The vexed issue of infiltration and expulsion of foreigners in Assam, which has dominated the political theatre of the State for over three decades, has got close links with the very history of the subcontinent. Colonial history of the State dates back to 1826 when, under the Treaty of Yandabo, the then geography of what is now called Assam came under the British rule. And the tract was made a part of the Bengal Presidency which, of course, included the erstwhile East Bengal as well.

The first partition of Bengal

In a different turn of events, Cachar, now one of the three districts forming the Barak Valley in southern Assam, was annexed by the Britishers after the fall of the Kachari Kingdom in 1832, and was also made a part of the huge Bengal Presidency.
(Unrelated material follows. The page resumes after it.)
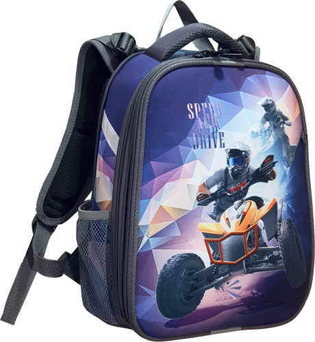 Ранец изготовлен из формованного EVA-материала и высокопрочного непромокаемого полиэстера. Размер 30 х 38 х 16 см. Вес 900 г. Прочные формованные стенки и дно ранца позволяют надежно защитить содержимое от влаги, загрязнений и предотвращают его замятие. Ранец с двумя вместительными отделениями, закрывающимися на реверсивную пластиковую молнию с металлическими «бегунками»; в первом — «плавающие» перегородки для тетрадей и учебников, во втором – большой карман из сетки и карманы-органайзеры для канцелярских принадлежностей. Плотная спинка с анатомическими элементами дополнительно укреплена пластиком, сверху – дышащая трехслойная сетка. Лямки-маечка плотные, мягкие. Регулируются по длине и высоте, что позволяет без труда отрегулировать их по росту ребенка. Ранец снабжен надежным нагрудным фиксатором и двумя боковыми карманами из прочной сетки. Есть удобная мягкая ручка для переноски и дополнительная петлевая ручка для размещения ранца на крюке. На дне ранца есть две пластиковые ножки. В соответствии с требованиями к безопасности на дороге, ранец имеет светоотражающие элементы на лямках и корпусе. Приятный бонус — колечко-подвес для брелока. Брелок также прилагается.* *Брелок может отличаться от представленного на фото. Вес: 900 g

Such arrangements were made much before the first Government of India Act, 1858 through which control over the Indian territories held by the British East India Company was vested in the British queen.

They effectively meant that people of Bengal and of Assam — transcending ethnicity, language and culture — lived within the same administrative jurisdiction and under the same political dispensation.

In 1874, by a whimsical decision of the British government, two districts of East Bengal — Sylhet (along with Cachar) and Goalpara — were separated from the Bengal Presidency, and were joined with Assam to create a new administrative unit which was placed under a Chief Commissioner. This was technically the first Partition of Bengal, a development that unfortunately escaped the attention of the mainstream scholarship.

Much has been written and read about the partition of Bengal in 1905, and its eventual rollback in 1911. However, surprisingly enough, historians of modern India have shown cruel indifference to the cultural knifing of 1874, due to which the Bengalis of Sylhet and Goalpara of the then East Bengal, for no fault of theirs, had to shift their allegiance to a completely different cultural geography.

The colonial power had its own fiscal logic. Sylhet, a revenue-rich district in British India, was tagged with a revenue-deficit Assam to address the administrative purpose of fiscal rationalisation. These two districts thereafter continued to exist inside the administrative boundary of Assam for the remaining length of the colonial rule. In 1947, Sylhet was lost to Pakistan on the basis of the outcome of an allegedly rigged referendum.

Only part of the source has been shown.